Tuesday, March 7, 2023

President Jimmy Carter


President Carter on the Flight Deck

Hard to believe how much time has sailed by since I was a teen-ager assigned to the pre-commissioning crew of the Navy's newest aircraft carrier, the USS Dwight D. Eisenhower (CVN-69). The ship and its crew were just getting their sea legs when President Jimmy Carter came out visit. 

Our home port was Norfolk, Virginia, and we'd just been out to sea and had our first liberty port in Fort Lauderdale, Florida. Carter's visit came a couple of weeks later, on March 17, 1978, when we were 60 miles off the coast of Savannah, Georgia, taking part in a Combined Weapons Training Exercise. 

I only remember two things about that day. The first was eagerly trying to position myself to snap a photo of the president as he watched from the flight deck. The second was watching an F-14 fly right in front of us, not much higher than the flight deck, at supersonic speed. The same jet that I'd only heard roaring in the past, now made no sound whatsoever as we watched it fly closer and closer, finally swooping past us with flaming afterburners, yet still making no more noise than a skulking wildcat. I was totally unprepared for the tremendous sonic BOOM! that blasted us a moment later.

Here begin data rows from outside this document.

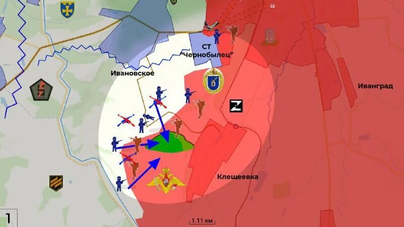 Интернет-сообщество и военные эксперты немедленно вскинулись, прочитав «мы оставили Клещеевку». Местечко само по себе с точки зрения оперативного искусства бесполезное (находится в низине), но вот окружающие высоты… это другая история. Потеряй мы их — с одной стороны Бахмут/Артёмовск окажется в огневом полу-окружении. Поэтому так напряжённо и следят за событиями в Клещеевке сведущие люди.
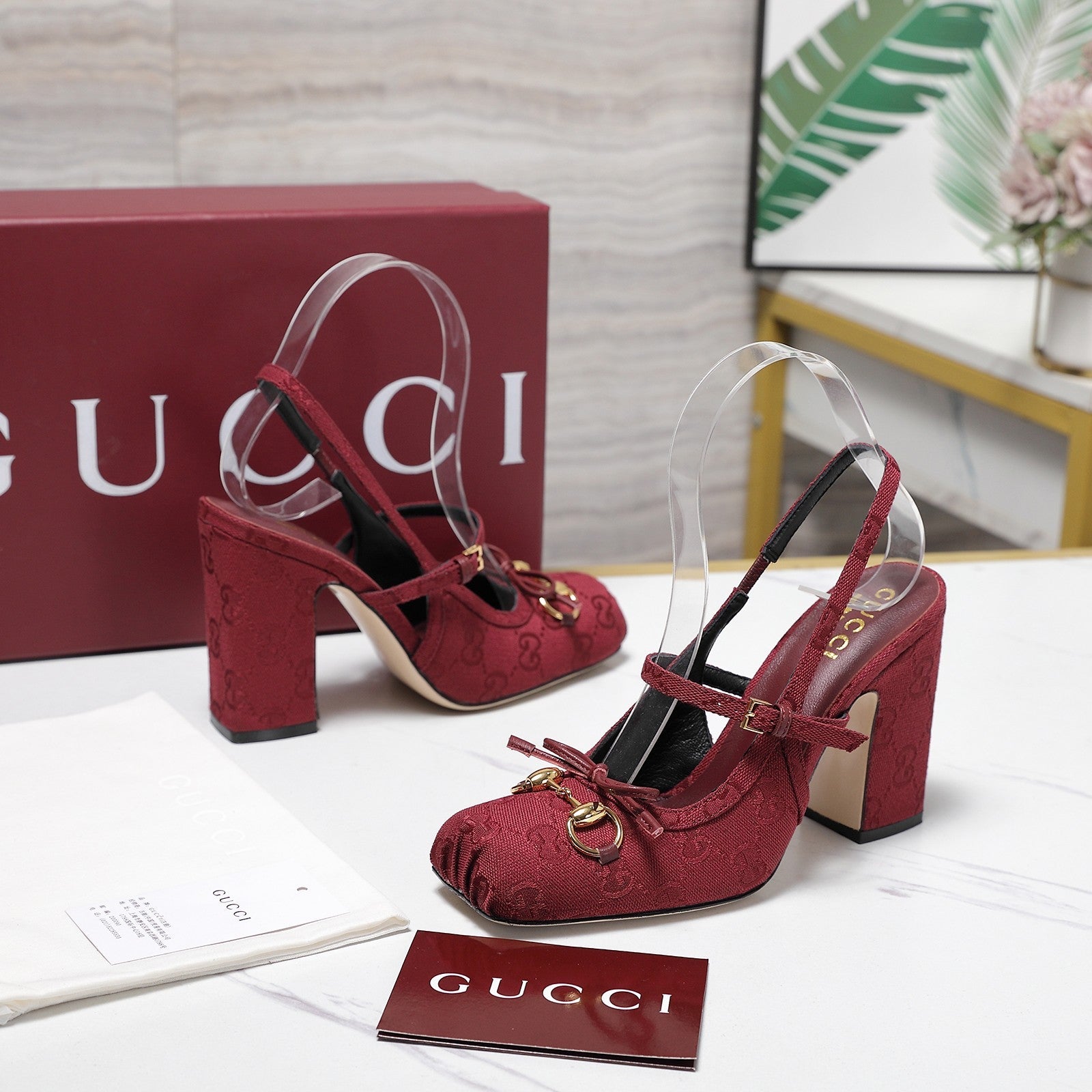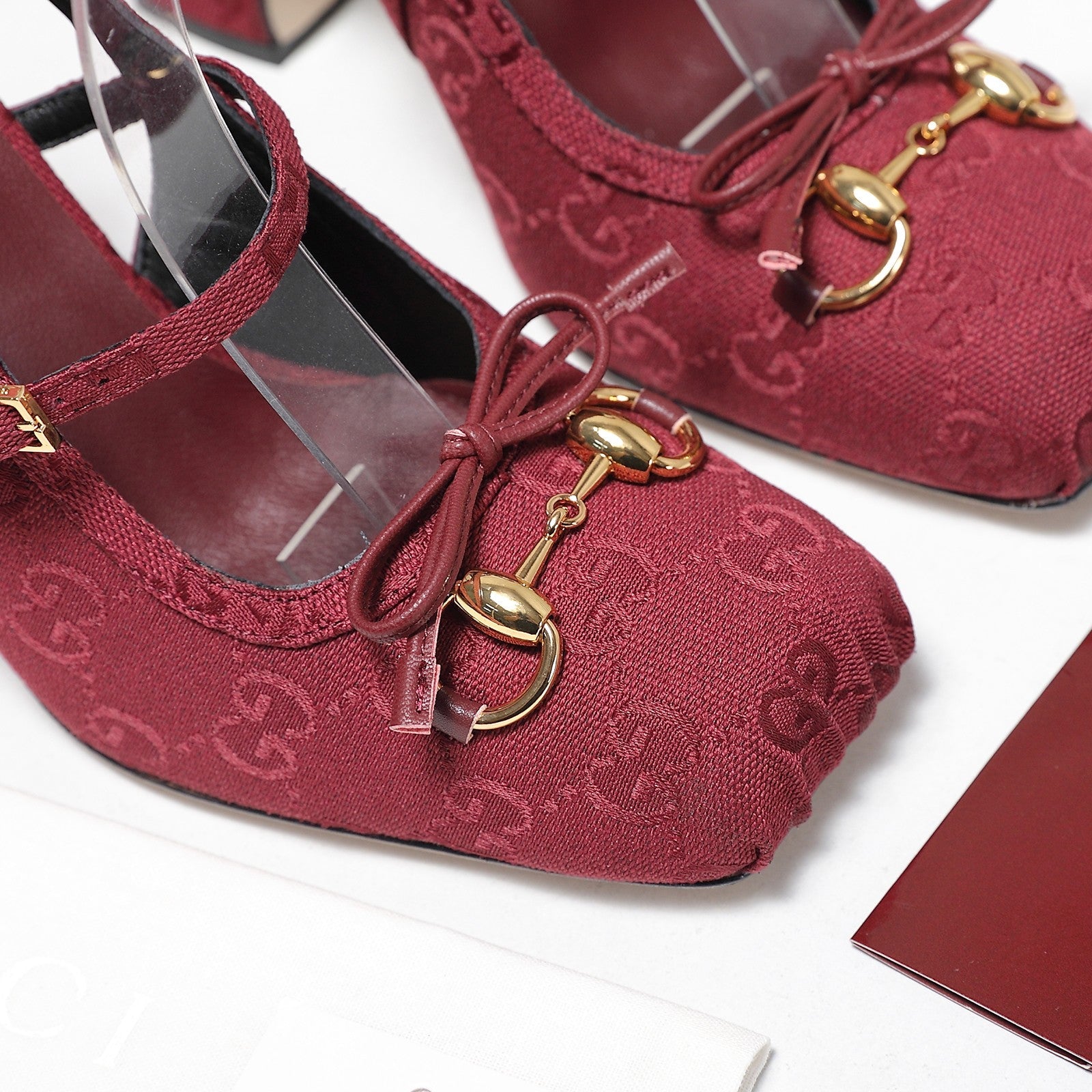 Gucci Horsebit Slingback Pumps Burgundy Jacquard Canvas 504426
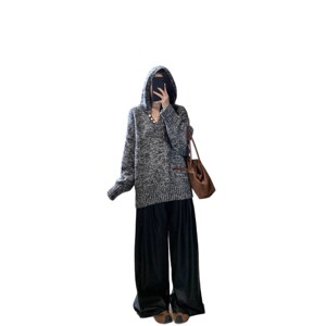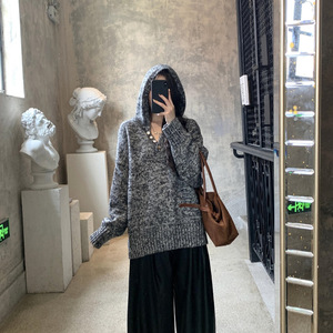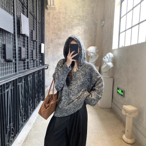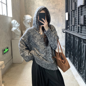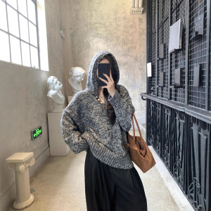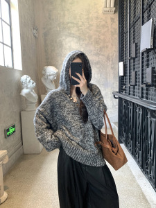 外贸秋冬新款花式纱线连帽贝壳扣针织慵懒风软糯毛衣女百搭上衣女
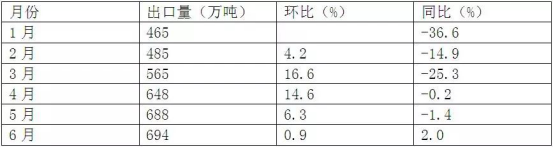 主要受到國際市場鋼材價格上漲和人民幣貶值的雙重刺激,盡管上半年貿(mào)易壁壘加劇,但中國鋼材出口依然保持較大數(shù)量規(guī)模,而且呈現(xiàn)月度出口量環(huán)比持續(xù)回升態(tài)勢。其中2月份全國鋼材出口量環(huán)比增長4.2%,3月份增長16.6%,4月份增長14.6%,5月份增長6.3%,6月份增長0.9%。同時,全國鋼材出口同比降幅亦不斷收窄,到6月份已經(jīng)轉(zhuǎn)為同比增長2%,月度出口量亦回升至694萬噸。
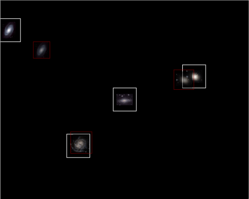 Think about a galaxy emitting a pulse of light (a flare from its central black hole, for example): the light will travel across space until it reaches our telescopes, but the universe is expanding the whole time. That means we’re seeing where the galaxy was, not where it is now: it’s actually farther away. Also, since we are effectively looking into the past, we’re seeing a smaller cosmic box containing that distant galaxy than its box is now. The image below depicts the reality and the appearance superimposed.
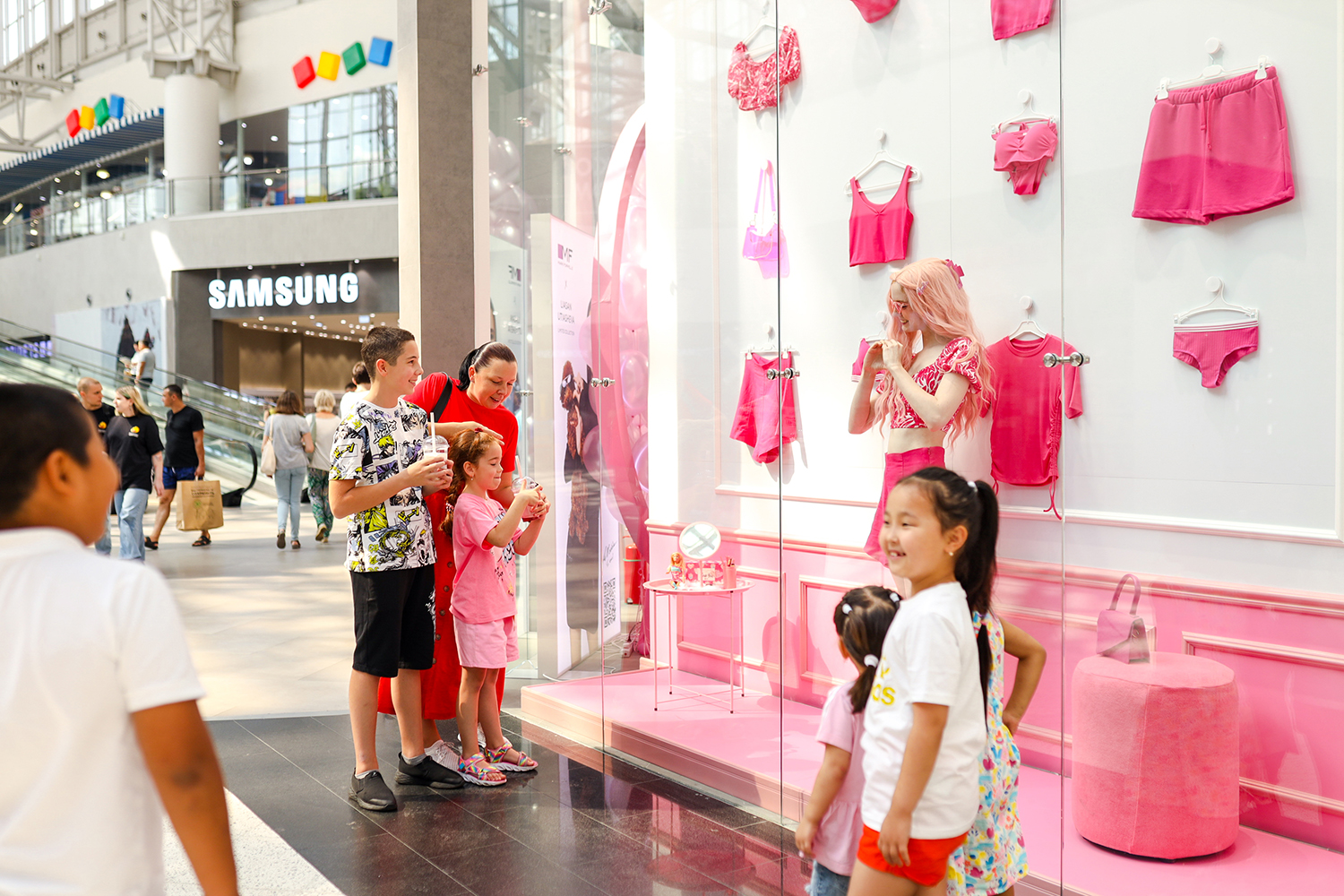 В центре внимания гостей оказалась интерактивная витрина, сюжет которой иллюстрировал типичный день из жизни девушки-куклы. Там, за стеклом розовой вселенной, господствовали красота, мода и стиль, и этот легкий беззаботный вайб ощущался далеко за пределами магазина. Инсталляция с живой куклой помогла гостям праздника преодолеть стеснение и вдохновила на участие в других активностях – создание образов в пижамном стиле для фотоконкурса, лотерею и дегустацию кислородных коктейлей в барби-баре.

Carter was the first president of my adult life, and even though he got stuck being the boss during a prolonged gas crisis inflicted on us by Arab oil producers for our support of Israel during the Yom Kippur War; the Iranian hostage crisis (and disastrous rescue mission); the Soviet invasion of Afghanistan; and economic problems inherited from prior administrations, I've always admired him, in part because he'd been a Navy nuclear engineer, which made him a genius in my eyes. But also because he was an environmental and social champion. 

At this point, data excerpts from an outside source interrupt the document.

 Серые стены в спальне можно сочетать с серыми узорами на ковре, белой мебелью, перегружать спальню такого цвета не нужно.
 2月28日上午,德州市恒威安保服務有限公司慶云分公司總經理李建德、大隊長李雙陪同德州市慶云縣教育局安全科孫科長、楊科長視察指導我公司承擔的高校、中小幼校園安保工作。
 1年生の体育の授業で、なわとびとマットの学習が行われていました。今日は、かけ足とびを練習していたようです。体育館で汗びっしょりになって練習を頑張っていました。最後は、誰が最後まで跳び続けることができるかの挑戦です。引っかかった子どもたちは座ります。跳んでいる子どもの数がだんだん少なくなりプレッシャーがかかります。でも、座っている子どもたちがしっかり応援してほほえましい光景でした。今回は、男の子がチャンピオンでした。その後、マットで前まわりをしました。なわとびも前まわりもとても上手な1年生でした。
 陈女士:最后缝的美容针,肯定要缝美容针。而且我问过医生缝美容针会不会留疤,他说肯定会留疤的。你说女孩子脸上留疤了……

He has also been a compassionate and down-to-earth human being (and winner of the Nobel Peace Prize) who, with his wife Rosalynn, continued to do good things for the world after he left the White House. So many people talk about Reagan in glowing terms (I was especially surprised by President Barack Obama's enthusiasm), but his defeat of Carter in 1980 was a major turning point in the American character. And look where we are now.